No evidence that breakfast is most important meal of the day, says review
Skipping breakfast does not automatically result in weight gain, according to new findings
Previous studies have suggested eating breakfast is linked with maintaining a healthy weight, but these findings were observational and possibly reflect an individual’s wider healthy lifestyle. Photograph: iStock
Claims that breakfast is the most important meal of the day are not sustained by scientific evidence, new research suggests.
There is no good evidence to support the idea that eating breakfast promotes weight loss or that skipping breakfast leads to weight gain, according to a review published in the BMJ.
The findings show daily calorie intake was higher in people eating breakfast and that skipping breakfast does not cause greater appetite later in the day.
Previous studies have suggested eating breakfast is linked with maintaining a healthy weight, but these findings were observational and possibly reflect an individual’s wider healthy lifestyle and food choices.
A team from Monash University in Melbourne analysed the effect of regularly eating breakfast on weight change and daily energy intake, based on evidence from 13 trials, mainly in the US and UK, from the last 28 years.

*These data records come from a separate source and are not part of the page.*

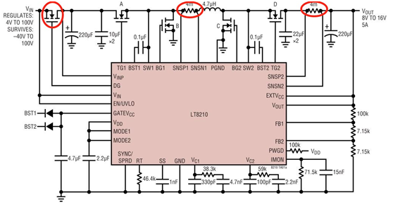 對于電路安全防護(hù)功能,LT8210 芯片在設(shè)計(jì)時(shí)就已經(jīng)充分考慮。如下圖(圖6)所示為較完整的 LT8210 應(yīng)用電路圖,其中紅圈處的設(shè)計(jì),分別實(shí)現(xiàn)了防反接和電流監(jiān)測限制的功能。這些關(guān)鍵器件從前至后串接在電流通路中,由 LT8210 芯片全程采集電壓電流參數(shù)和進(jìn)行相應(yīng)控制。
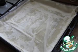 Противень застелить бумагой для выпечки. Уложить 1 лист теста фило и слегка смазать растопленным сливочным маслом (я сбрызгивала растительным). На него уложить второй. Процедуру повторять с 5-ю листами
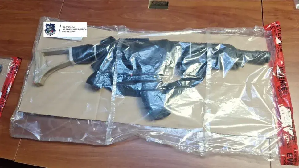 Durante el operativo realizado por los agentes estatales en conjunto con otras corporaciones policiacas, además se aseguró un vehículo compacto color dorado con reporte de robo, un arma tipo fusil y un arma de tipo pistola de utilería.
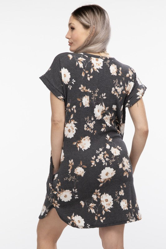 Urban rib floral mini dress, 95% polyester 5% spandex
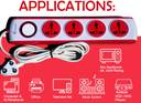 Experience seamless connectivity and enhanced convenience with the Crompass Extension Board, designed to meet your everyday power needs with safety and style. Equipped with four universal sockets, this extension board supports a wide range of plug types, allowing you to connect multiple devices at once without the hassle of adapters.

The researchers found total daily energy intake was higher in groups who ate breakfast compared with those who skipped it (an average of 260 more calories consumed in a day) regardless of their usual breakfast habits.
The results showed that those who skipped breakfast were on average 0.44 kg lighter.
The effect of breakfast on weight did not differ between people with a normal weight and those who were overweight.
It has previously been suggested that eating breakfast may help with weight loss because of the efficient burning of calories early in the day preventing overeating later on. But the reviewers found no significant difference in metabolic rates between breakfast eaters and skippers.
The researchers stress that the quality of studies was low, so the findings should be interpreted with caution, but say that their review questions the popular recommendation that eating breakfast can help with weight control.